И продолжали с упорством отчаяния делать свое Дело, а чего ради – и сами толком не знали. Власти предержащие им явно не доверяли и запрещали читать пацифистскую «Нейшн», зато разрешалось читать всякие гнусности «Джона Булля». Но напрасно не доверяли солдатам. Они все так же, с упорством отчаяния делали свое солдатское дело, они гнули свое, распевая чувствительные песенки, рассказывая непристойные анекдоты и беспрерывно ворча; и я нимало не сомневаюсь, что, если бы от них это потребовалось, они бы тянули лямку по сей день. Они не сокрушались из-за поражений и не ликовали в дни побед, – упорство отчаяния помогало им подняться выше этого. Они гнули свое. Некоторые любят поиздеваться над фронтовым жаргоном. Я сам слышал, как интеллигенты, отказывающиеся идти на фронт «в силу своих убеждений», острят над этим самым выражением «гнуть свое». Так, видите ли, можно и загнуться. Что ж, пусть их изощряются в остроумии.

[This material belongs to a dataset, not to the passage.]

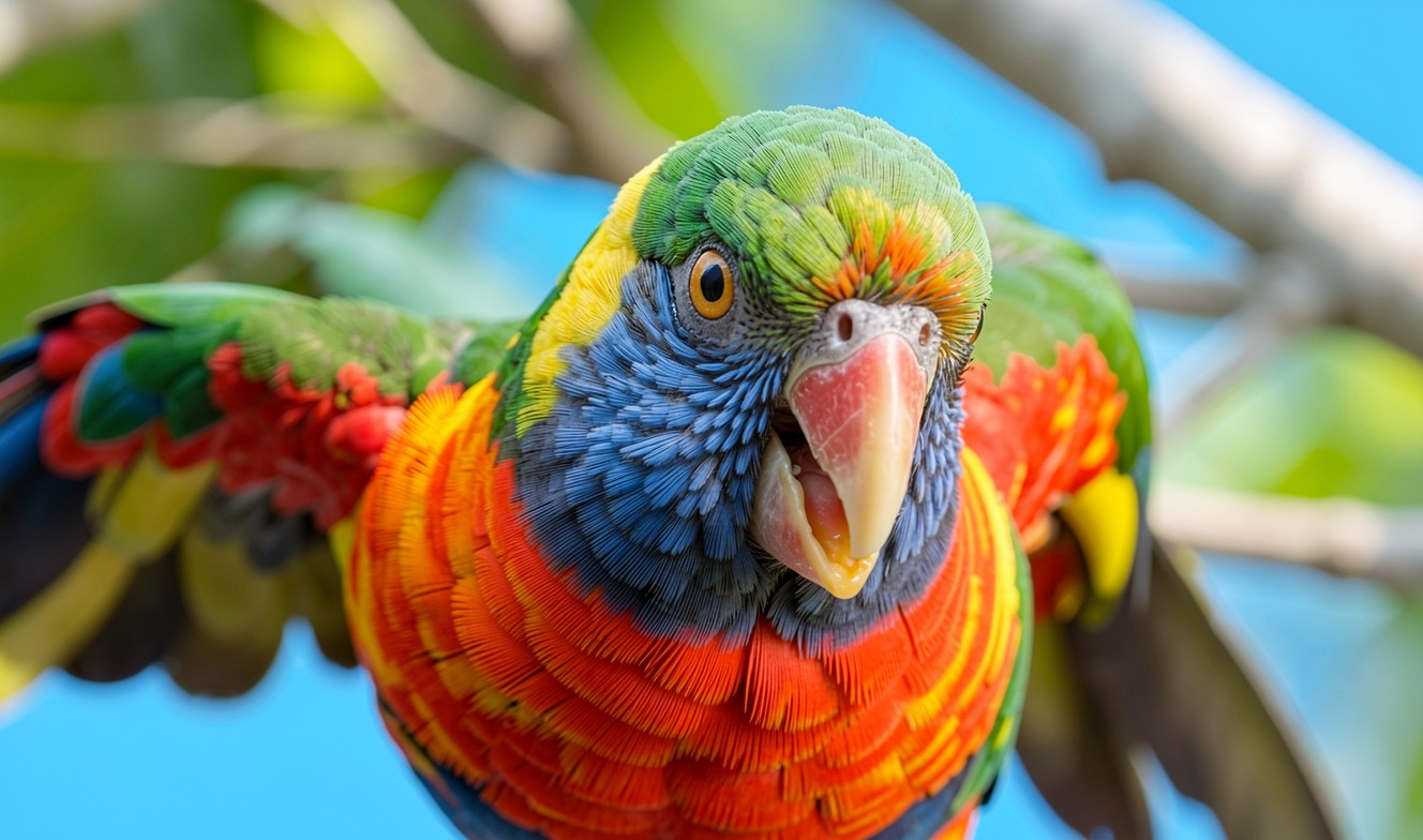 Разноцветный попугай в тропическом лесу при дневном свете

Транспорты переправляли войска через Ла-Манш под охраной четверки маленьких юрких торпедных катеров, выкрашенных в черный цвет. В Ла-Манше появились немецкие подводные лодки. Утром было потоплено торговое судно. Уинтерборн ждал, что ему будет страшно, но оказалось – он и не думает об опасности. И никого не пугали такие пустяки. Транспорты подошли к Булони, у входа в гавань торпедные катера повернули обратно, и солдаты проводили их криками «ура».

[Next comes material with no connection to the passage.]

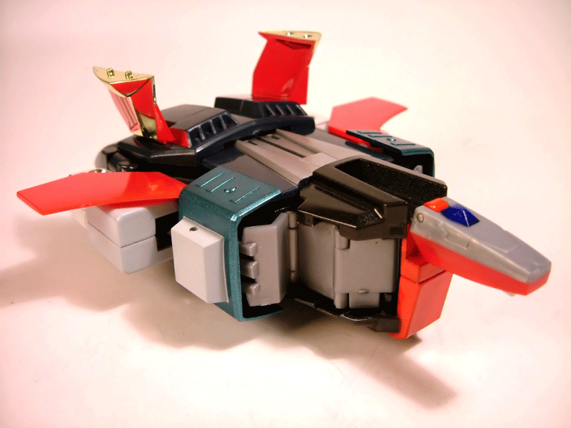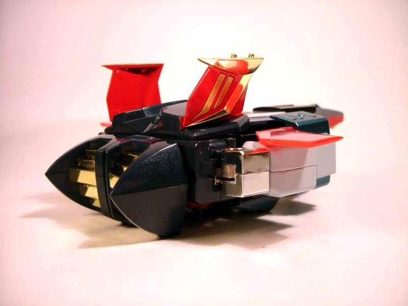 Premesso che lo avrei gradito più alto di almeno 2-3 cm partiamo subito col dire che questo Baldios non è poi quel nanetto che poteva sembrare a giudicare dalle prime foto, più precisamente il modello una volta assemblato misura all'incirca 19 cm, una altezza quindi contenuta per un componibile, ma comunque non è piccolissimo.Il peso è effettivamente modesto, 300 grammi tondi tondi, meno quindi di un semplice gx-01r nonostante l'altezza sia superiore. Tale peso è ovviamente condizionato da esigenze di trasformabilità, le gambe infatti sono cave per permettere l'estrazione con sistema telescopico delle restanti componenti dei mezzi che formano le gambe del robot. Le parti in metallo sono i piedi, le cosce, una piccola parte del tronco e le braccia; sono invece in plastica le gambe con i relativi inserti, gran parte del tronco, gli avambracci e la testa. La posabilità del robot purtroppo non è il massimo. Complice la bizzarra trasformazione che nell'anime caratterizza il mecha i piedi di questo modello di fatto non hanno uno snodo dal momento che non si articolano alla gamba ma restano ancorati ad essa tramite gli inserti rossi laterali rispetto ai quali hanno solo un modestissimo movimento di rotazione; le caviglie di fatto sono bloccate o quasi e in pratica non si piegano. I piedi, per effetto della modalità di trasformazione, non hanno una pianta e da sotto sono aperti. Ciò che veramente mi ha infastidito è stata la mancanza di un paio di semplicissimi tappi per la chiusura della pianta del piede, cosa fattibilissima cui CM'S non ha provveduto denotando una cura dei dettagli a dir poco modesta. Le ginocchia si piegano discretamente ma per l'asimmetricità della trasformazione lasciano intravedere dettagli diversi, se volete un consiglio è preferibile flettere il ginocchio destro dal momento che piegando il sinistro si intravede uno dei cingoli a scomparsa del Cater Ranger, effetto esteticamente osceno. Esteticamente discutibili anche le grosse cerniere che fanno bella mostra di se sulla superficie interna della cosce, una maggior miniaturizzazione sarebbe stata cosa certamente gradita da molti. Alle anche le cosce hanno possibilità di allargarsi molto ma per effetto della strampalata progettazione di questo aggancio se si abducono eccesivamente fuoriescono dal loro alloggiamento e le si devono reinserire. Il modo in cui è stato concepito l'aggancio dei 3 moduli è infatti forse il punto peggiore dell'intero modello, di fatto le cosce si attaccano al bacino tramite due pernetti a molla che si ingranano in un alloggiamento anch'esso in plastica ancorato alle paratie che costituiscono la parte laterale del bacino, roba da brividi. Ogni volta che ho agganciato e sganciato le gambe ho temuto di spaccare tutto quanto e l'insieme da comunque una sinistra sensazione di fragilità sulla base della quale il mio consiglio è quello di effettuare la manovra il meno possibile; in altre parole assemblate i vostri mezzi, guardateveli, fatevi le vostre considerazioni dopo di che eseguite la trasformazione in robot e non toccate più nulla. Purtroppo l'instabilità dell'anca e la fuoriuscita delle cosce dal proprio alloggiamento quando le si allarga troppo non sono l'unico aspetto "instabile" del modello nel quale, quando lo si maneggia è facile vedersi aprire il petto o spuntare le ali del Pulser Burn dai margini laterali del torace data la più totale mancanza di fermi per queste parti. Le spalle hanno invece una grandissima mobilità (sia in rotazione che in abduzione) dettata dalle esigenze di trasformazione in Pulser Burn e rappresentano l'unica articolazione a scatto del modello. Le braccia ruotano rispetto alle spalle e gli avambracci si flettono a 90 gradi. Altra nota dolente sono le mani. Ci lamentiamo degli ultimi gx perchè poveri in mani di ricambio ma CM'S è riuscita a fare peggio di Bandai dotando questo Baldios di un solo paio di mani con pollice fisso e restanti dita articolate. Anche la dotazione in accessori non è certo delle migliori ma a onor del vero bisogna ammettere che ben poche erano le armi che il robot usava nel cartone essendo principalmente rappresentate dalla spada a impulsi e dai cannoni laser sulle spalle (qui applicabili rimuovendo la copertura dorata di queste ultime). Il caccia nemico, minuscolo e di plastichina traslucida, simile a una razza, era peraltro evitabile non aggiungendo alcun valore al modello. I colori usati mi piacciono tanto e trovo molto bello l'accostamento del rosso e del dorato che considero migliore del giallo il quale, a mio avviso, avrebbe trasmesso una sgradevole sensazione di giocattolino. Il blu è effettivamente molto scuro, ma indipendentemente dalle critiche mosse non si allontana molto dal colore che caratterizza il Baldios nell'anime, anch'esso molto scuro. Quindi a mio avviso i colori usati sono belli, ciò che invece è veramente eccessiva è la presenza di innumerevoli segni di distacco dalle sprue delle varie parti che qua e là spiccano un po' ovunque sul modello. Detto del Baldios passiamo ai mezzi.La trasformazione è semplice e divertente nella sua esecuzione e ingegneristicamente valida. Ho molto apprezzato il sistema telescopico per l'estrazione di parti sia del Baldy Prize che del Cater Ranger, così come la presenza di parti a scomparsa (leggi i cingoli del Cater Ranger). Il progetto di base è quindi a mio avviso buono,ciò in cui CM'S è invece clamorosamente mancata sono i dettagli finali per cui dopo aver apprezzato la tecnica impiegata nella trasformazione ci si trova di fronte a mezzi che fanno della instabilità più totale la loro caratteristica principale. Nel Pulser Burn le ali non hanno punti di blocco per cui basta un minimo spostamento perchè queste si discostino da quella che dovrebbe essere la loro sede normale. Nel Baldy Prize spesso la punta del piede tende ad alzarsi avendo difficoltà ad agganciarsi al sottostante alloggiamento e le ali sono formate da 4 elementi articolati tra loro che si

По своей неопытности Уинтерборн думал, что их тотчас отправят на передовую и ночевать он будет уже в окопах. Он забыл о неизбежном ожидании, об осторожности, без которой немыслимо передвигать с места на место огромные массы людей, – оттого-то так медлительна и неумолима вся эта гигантская неповоротливая военная машина. Ждешь, ждешь, но в конце концов неминуемо приведут в движение и тебя – крохотный, незаметный винтик. И в этом тоже есть что-то обезличивающее, словно ты уже не человек, а просто игрушка судьбы. Не безумие ли воображать, будто ты, отдельный человек, что-то значишь и чего-то стоишь.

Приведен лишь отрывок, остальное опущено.